El Yuan Ejecutivo ha ratificado el «Proyecto de Estatuto Especial para la Adquisición de Vehículos No Tripulados de Defensa Autónoma», asignando una partida presupuestaria global de 210 000 millones de TWD (aproximadamente 6560 millones de USD). Tras la aprobación, la vicepresidenta Hsiao Bi-khim (蕭美琴) valoró la iniciativa como un compromiso histórico con la seguridad nacional y un paso estratégico fundamental para la convergencia entre el sector tecnológico de la isla y la defensa del país. Según la mandataria, este plan no solo agilizará el reabastecimiento operativo de las Fuerzas Armadas, sino que blindará los sistemas de información mediante el establecimiento de una cadena de suministro «no roja» homologada y libre de interferencias para los aliados democráticos internacionales.
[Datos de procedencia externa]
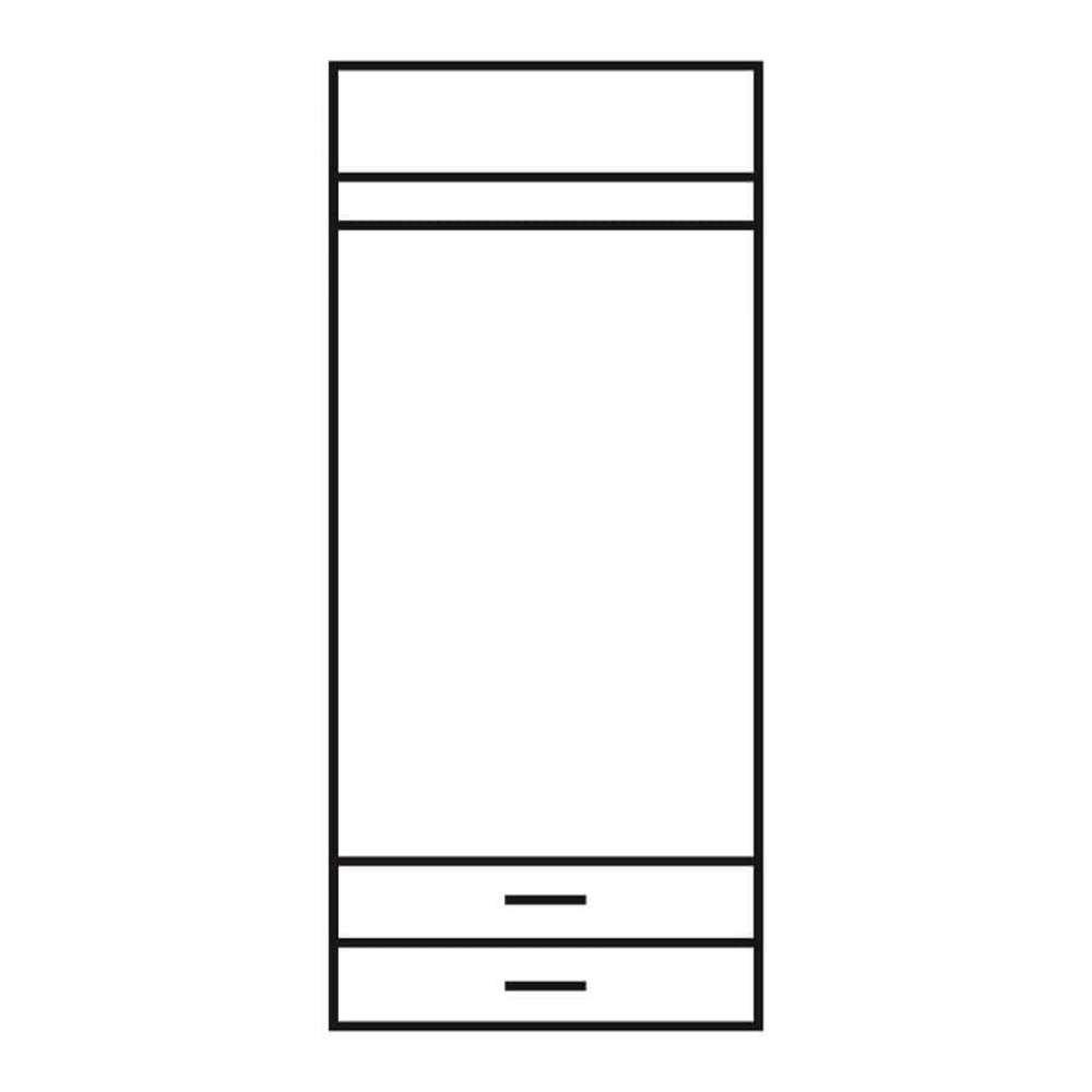 Шкаф имеет одно отделение с полками и вешалкой. Габариты: 500 х 2200 х 450 мм.

La vicepresidenta argumentó que la evolución de los conflictos bélicos modernos ha consolidado la supremacía de los vehículos autónomos en el marco de la guerra asimétrica. Para hacer frente a los desafíos geopolíticos de la región, Hsiao defendió que Taiwán debe superar la dependencia exclusiva de las compras de equipamiento militar al exterior, adoptando un nuevo modelo de adquisiciones caracterizado por la producción masiva, los contratos plurianuales y el desarrollo tecnológico iterativo. Esta previsibilidad en la demanda pública permitirá a las empresas de manufactura de precisión locales incrementar sus inversiones con total tranquilidad, elevar los estándares de sus plantas de montaje y profundizar la cooperación con corporaciones globales de defensa.
Finalmente, la dignataria remarcó que proveer las herramientas de protección más punteras a las tropas que custodian las fronteras es una obligación moral y política del Estado, insistiendo en que la estabilidad y la paz solo pueden garantizarse de forma efectiva por medio de una disuasión creíble basada en la fuerza interna. Sostuvo que la exteriorización de esta firme voluntad de autodefensa es la vía más eficaz para consolidar el respaldo diplomático y estratégico de la comunidad internacional hacia la isla. Hsiao concluyó haciendo un llamamiento a la unidad de todas las fuerzas políticas del parlamento, recordando que la seguridad nacional se sitúa por encima de las rivalidades partidistas y pidiendo un consenso unánime para salvaguardar las libertades y el orden democrático vigentes.